If a child is at high risk of developing severe RSV infection, try to restrict their time in social settings during the respiratory syncytial virus (RSV) infection season.

Final thoughts

RSV can be a frightening sickness for new parents who have young children. If your kid becomes ill and exhibits RSV symptoms, especially if they are under the age of 6 months, contact your healthcare professional or go to the emergency department. 

Even if your child has a mild infection, it’s vital to consult with your doctor to ensure that their symptoms aren’t serious. During RSV season, avoid big gatherings or events where contagious infections might quickly spread. 

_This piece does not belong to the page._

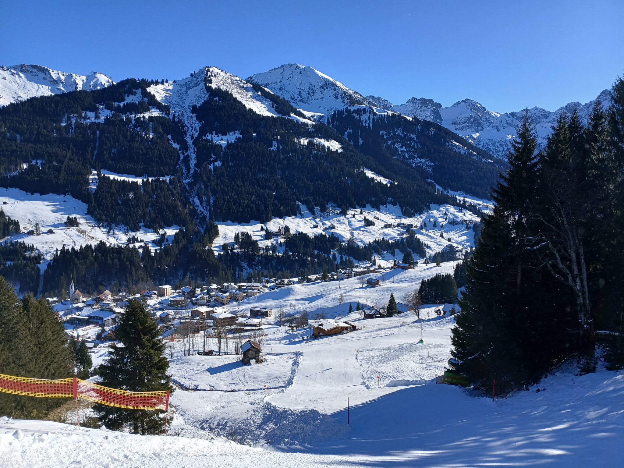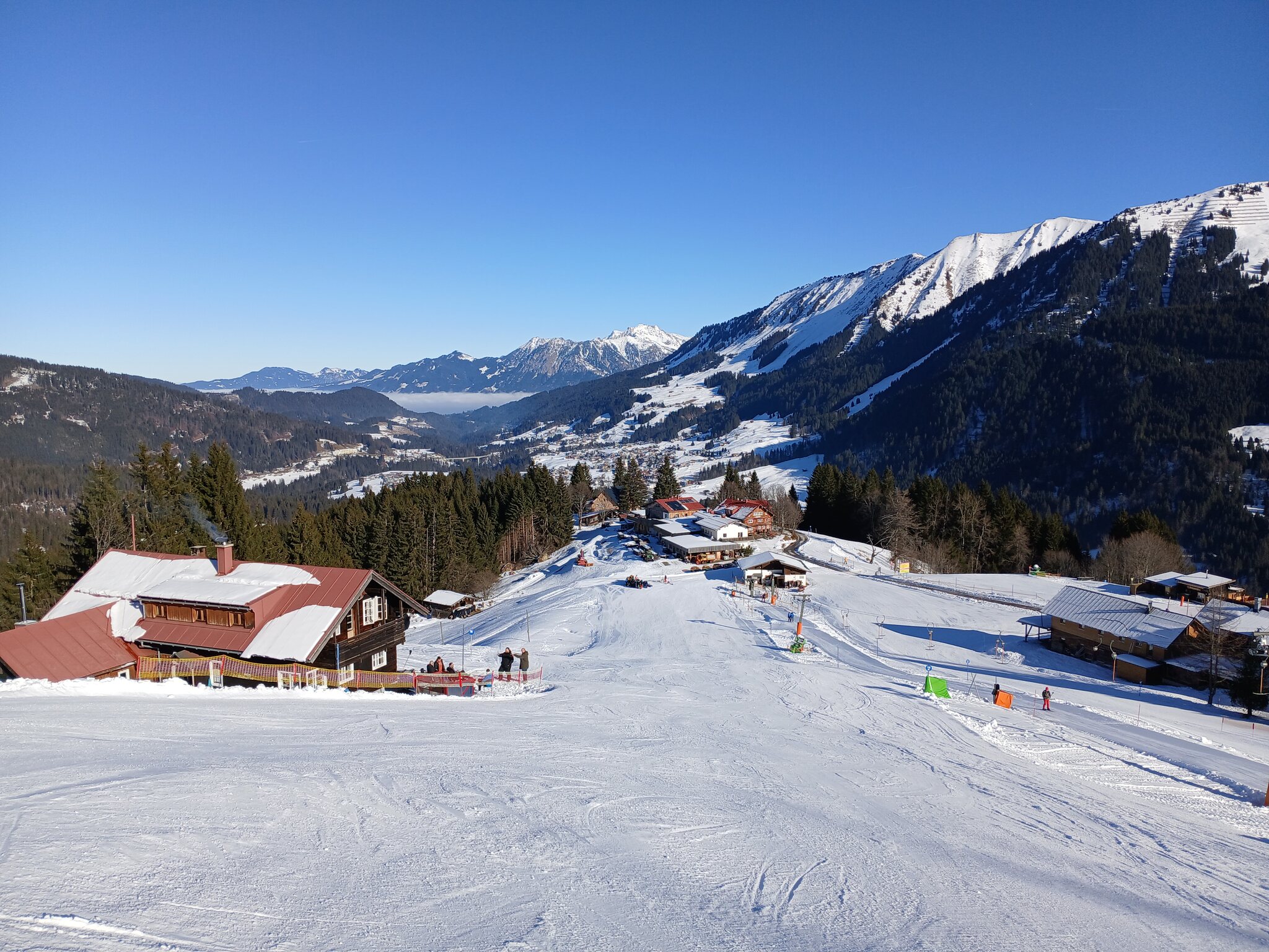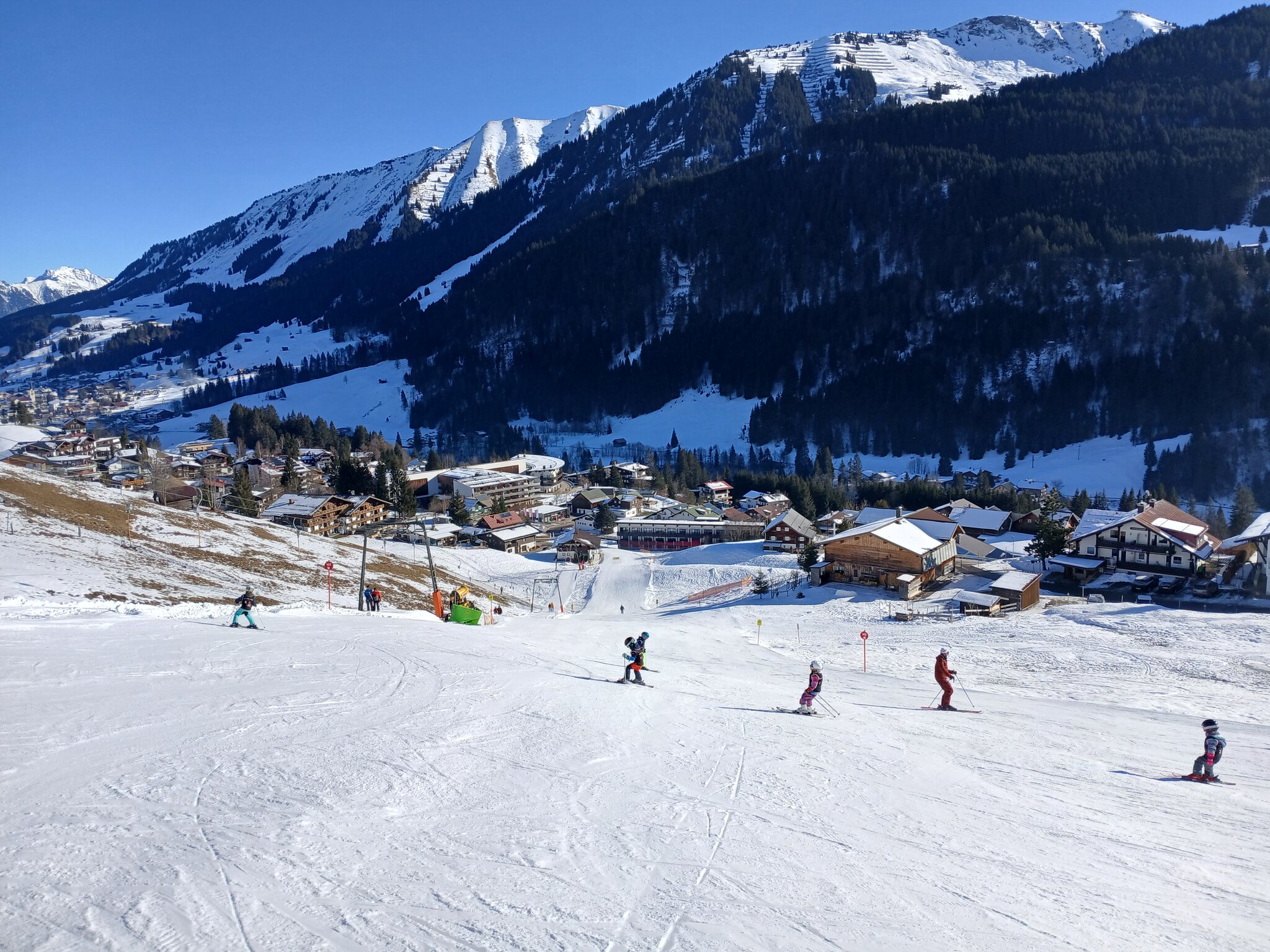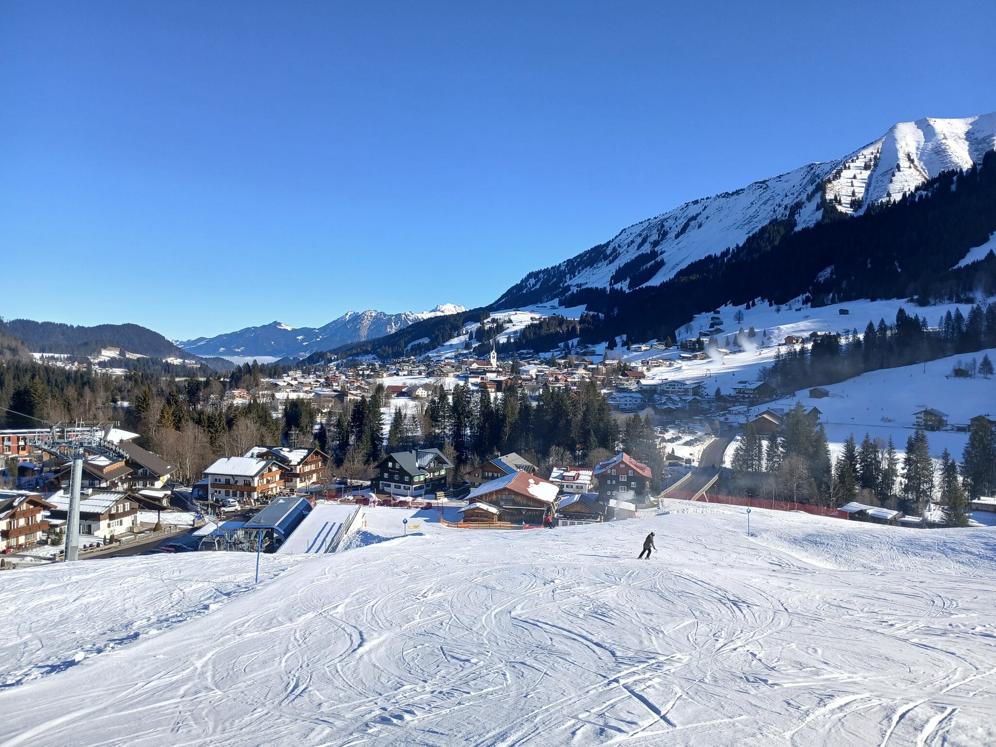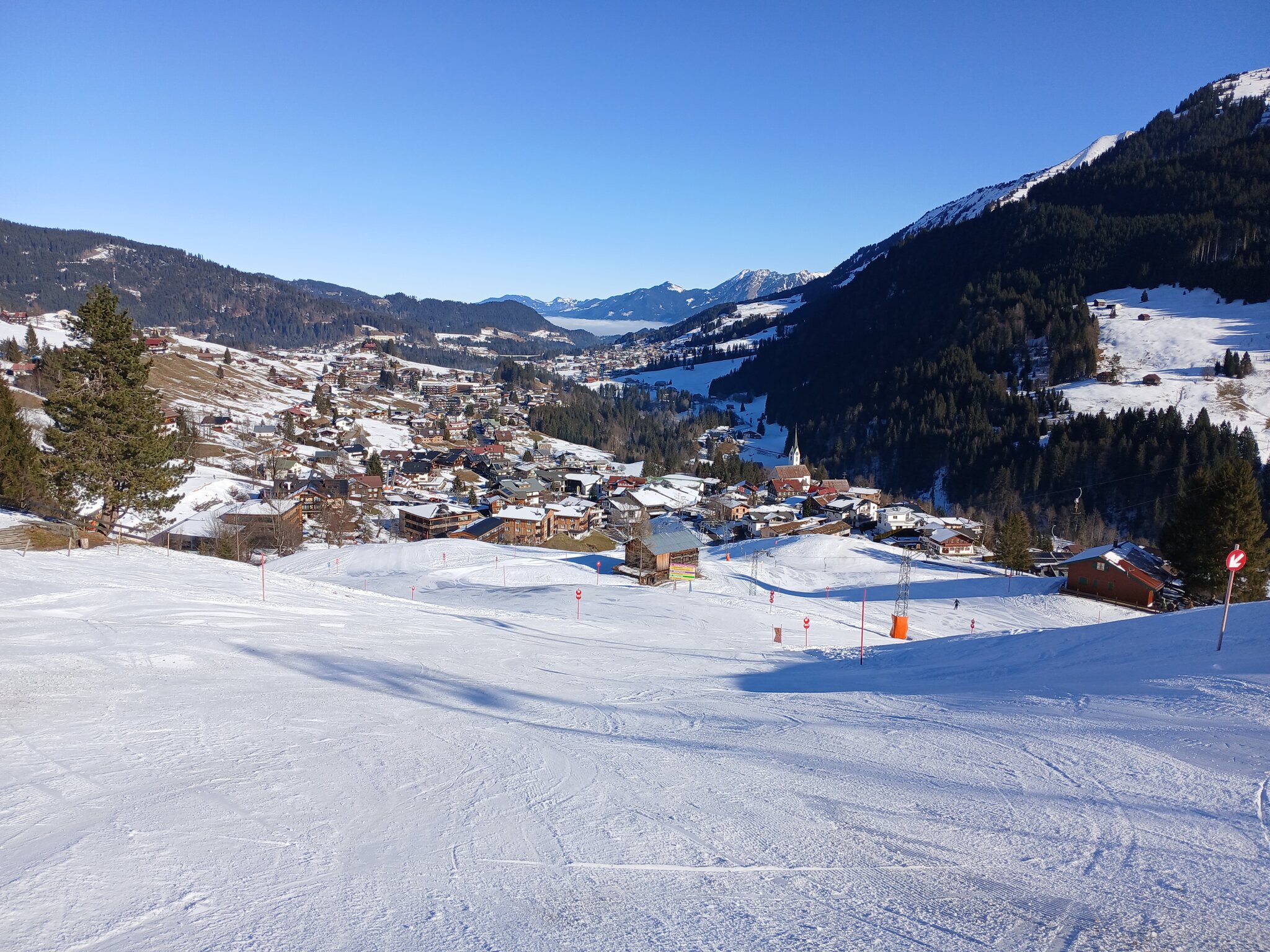 Blick von der tendenziell etwas schneearmen Talabfahrt am Walmendinger Horn auf Mittelberg

Washing your hands frequently, urging those around your kid to wash their hands, and cleaning and sanitising commonly touched surfaces, objects, and toys can help to prevent the spread of RSV infection.

Frequently asked questions (FAQs)

Q1. What are the first signs of RSV infection?

Ans. Similar to the common cold, coughing, sneezing, runny nose, fever, and loss of appetite are a few of the most common early signs of the onset of respiratory syncytial virus (RSV) infection symptoms. 

Q2. How do you get RSV viral infection?

Ans. A person, who is infected, coughs or sneezes.
When you cough or sneeze, virus droplets enter your eyes, nose, or mouth.
You have direct touch with the virus, similar to kissing the face of an RSV-infected child.

Q3. What happens when adults get RSV infection?

Ans. Coughing, sore throat, congestion, runny nose, headache, low fevers, and exhaustion are common symptoms. More severe symptoms can range from influenza-like symptoms with more severe coughing and wheezing to pneumonia, inability to breathe on one’s own, and even death. 

Q4. Is RSV similar to COVID-19?

Ans. The flu, COVID-19, and respiratory syncytial virus (RSV) are all highly contagious respiratory diseases caused by viruses: the flu by the influenza virus, COVID-19 by SARS-CoV-2 virus, and RSV by the respiratory syncytial virus. A person might be infected with numerous viruses at the same time.

Q5. Is RSV spread from kissing?

Ans. Contact with infected respiratory droplets transmits RSV. It can be transmitted through kissing, sharing drinks, or passing items from mouth to mouth. Washing your hands, covering your coughs and sneezes, and avoiding contact when sick will help in reducing the spread and safeguard our youngest family members.